Abstract
This paper describes Onto4AIR2, an ontology to manage theses from open repositories, this fosters unique and formal definitions of concepts from the Mexican repositories domain in English and Spanish languages, its goal is to support the construction of machine-readable datasets that are semantically labeled for further consultations in educational organizations. The ontology instances are sample data of theses from the National Repository of Mexico, an initiative promoted by the National Council of Science and Technology. The paper describes advantages derived from the formalisms of the ontology, and describes an assessment technique where participants are developers and potential users. Developers followed a competency questions-based approach and determined that the ontology represents questions and answers using its terminology; whereas potential users participated in a satisfaction survey; the results showed a positive perception. At present, the level of the ontology is proof of concept.
Introduction
For the National Council of Science and Technology (CONACYT), the main Mexican agency that funds research, a repository, is a centralized technological framework that complies with international standards to store, manage, preserve, and disseminate scientific, technological, and innovative information derived from educational activities, and research processes [1]. According to [2], repositories collect, index, and share the intellectual capital of faculty staff.
In a developing country like Mexico, endeavors to build repositories have been undergoing for several years like the Mexican Network of Institutional Repositories (REMERI, after the initials in the Spanish statement Red Mexicana de Repositorios Institucionales) [3], and the National Repository (NR) [4]. At the time of this writing, the NR interoperates with 107 repositories, integrates 137,927 educational resources, and has answered 19,308,572 queries; its functionality and technical requirements are specified in [1] and [5]. Technically, the NR implements the 2.0 version of the Open Archives Initiative Protocol for Metadata Harvesting (OAI-PMH protocol) [6], an international interoperability standard that uses unqualified Dublin Core (DC) as the default metadata format [7]. The retrieval mechanisms of the NR match keywords from authors, titles, subjects, and dates.
By exploring metadata from repositories, specially those from theses, there are differences in the use of DC elements. As a way of illustration of the exposed problematic, the
This paper presents Onto4AIR2, an ontology to manage theses from open repositories, the goal is supporting the construction of machine-readable datasets that are semantically labeled for further consultations in educational organizations that use repositories. Onto4AIR2 is an acronym of Ontologies for All/Any Institutional Repositories, this is the newer version of the ontology described in [9], where the number 2 denotes a second version as well as two languages, English and Spanish. At present, the level of the ontology is proof of concept.
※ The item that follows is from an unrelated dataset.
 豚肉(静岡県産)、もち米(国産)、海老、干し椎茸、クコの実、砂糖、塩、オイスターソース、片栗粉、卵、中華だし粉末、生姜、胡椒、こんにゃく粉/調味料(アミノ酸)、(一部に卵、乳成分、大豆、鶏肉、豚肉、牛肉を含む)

The paper is organized as follows. Section 2 contains related work. Section 3 presents the proposed ontology. Section 4 explains advantages derived from Onto4AIR. Section 5 describes the results of an assessment technique. Finally, we conclude in Section 6 with a summary of the present work along with further research perspectives.
Related work
The impact of repositories is reported in databases such as OpenDOAR [17]. Technological platforms such as Eprints [11], Digital commons [12], existDB [13], Greenstone [14], Fedora Commons [15] or DSpace [16] support a lot of open repositories. Usually, these platforms use tables to store resource metadata. This section presents related works that use semantic technologies for knowledge acquisition, data integration, and metadata management.
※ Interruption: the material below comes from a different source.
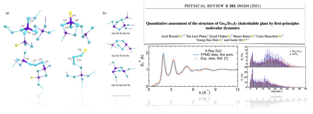 A. Bouzid, T.-L. Pham, Z. Chaker, M. Boero, C. Massobrio, Y.-H. Shin, G. Ori, Quantitative assessment of the structure of Ge20Te73I7 chalcohalide glass by first-principles molecular dynamics, Physical Review B 103 (2021) 094204.

On one hand, for organizations that use the DSpace platform, authors of [31] propose exporting data and semantically enriched by using the OAI-PMH protocol, the OAICat library, and the Current Research Information System (CRIS). The exported data form datasets that link departments, faculties, and researchers, these links are useful to discover research leaders and common research areas. [32] describes a system that converts the DSpace database into an ontology using a normalized schema, the aim is to share information with other systems to discover common interests; the ontology obtained is integrated to other ontologies through semantic correspondence between entities. On the other hand, [33] propose an ontology-facilitated sharing to integrate repositories data, their method consists of transforming data into ontologies accessible from a unique web page.
SpecINT is a hybrid framework for scenarios where integration is not possible because there are no mapping schemes between bioinformatics repositories, this uses graph eigenvectors, vertices ranking, and existing pattern SPARQL queries to identify data sources [18].
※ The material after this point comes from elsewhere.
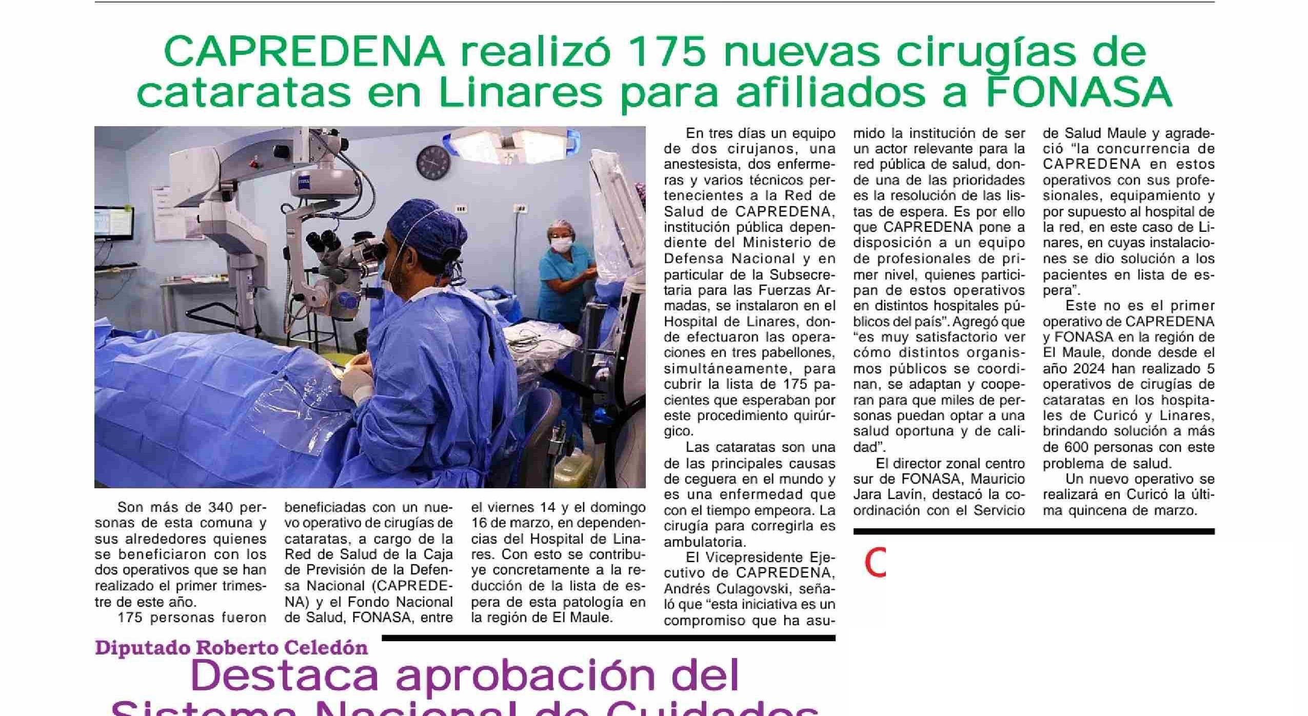 CAPREDENA realizó 175 nuevas cirugías de cataratas en Linares para afiliados a FONASA

ORDI [20] is an open-source ontology middleware that implements the Resource Description Framework (RDF) data model [19] to integrate structured data sources; this ontology processes and storages metadata and context information regardless of another specific ontologies. Authors of [21] use ontologies to integrate data resources and workflows that support online science activities (semantic e-science); ontologies represent theories, models, online tools, and means of innovation.
Semantic repositories are DataBase Management Systems (DBMSs) or other software components that store RDF data, they have inference mechanisms and provide users of real-time query-answering mechanisms. For example, OWLIM [22] is a set of semantic repositories used in the life sciences, telecoms, and publishing sectors developed as part of the Semantic Knowledge Technologies (SEKT) and Triple Space Communication (TRIPCOM) European Research Projects. OWLIM is packaged as a storage and inference layer for the Sesame open RDF framework, this has two variants: 1) SwiftOWLIM, the free version that uses an in-memory RDF database, an inference-engine, and a query-answering engine and 2) BigOWLIM, the commercial version that handles huge volumes of RDF data.
In [24], an ontology serves as a reference model for a historical organizational memory (HOM) in the business domain, this indexes the resources and use equivalent relationships to support multiple names for terms in different languages. The ontology represents document types, collections, subjects, the audience, and the dissemination channel, their main terms were gathered by interviewing experts.
In academic contexts like the Monterrey Technological Institute (ITESM), an information system, a multi-agent system, a knowledge management system, and a knowledge information interpreter that coordinates repositories, domain ontologies, and databases, compose an intelligent platform for knowledge acquisition; the repositories store theses, journal articles, research-based books, patents, technology licensing, trademarks, and documents of technology-based start-up companies [25]. Authors of [26] present an analysis of ontology-based methodologies for integrating and reconciling information and propose an agile method that minimizes the need for ontological expertise for semi-structured data; ontology instances correspond to university ranking data. In [27], ontologies represent students, teachers, monographs, theses, and the graduation process; the main terms are obtained by interviewing staff of different universities.
The Leigh University Benchmark uses ontologies to describe departments, individuals, and their relationships, LUMB(8000) stores data from 8000 universities and 1.1 billion explicit statements, while LUMB(90000) has over 12 billion explicit statements [28], both ontologies are available in the OWL language [29]. Something similar is true for the Bowlogna ontology, this contributes to the gradual adoption of the overall description of the Bologna reform across European universities, this models academic settings and administrative procedures, a graphical user interface (GUI) enables faceted search and browsing for course information [30].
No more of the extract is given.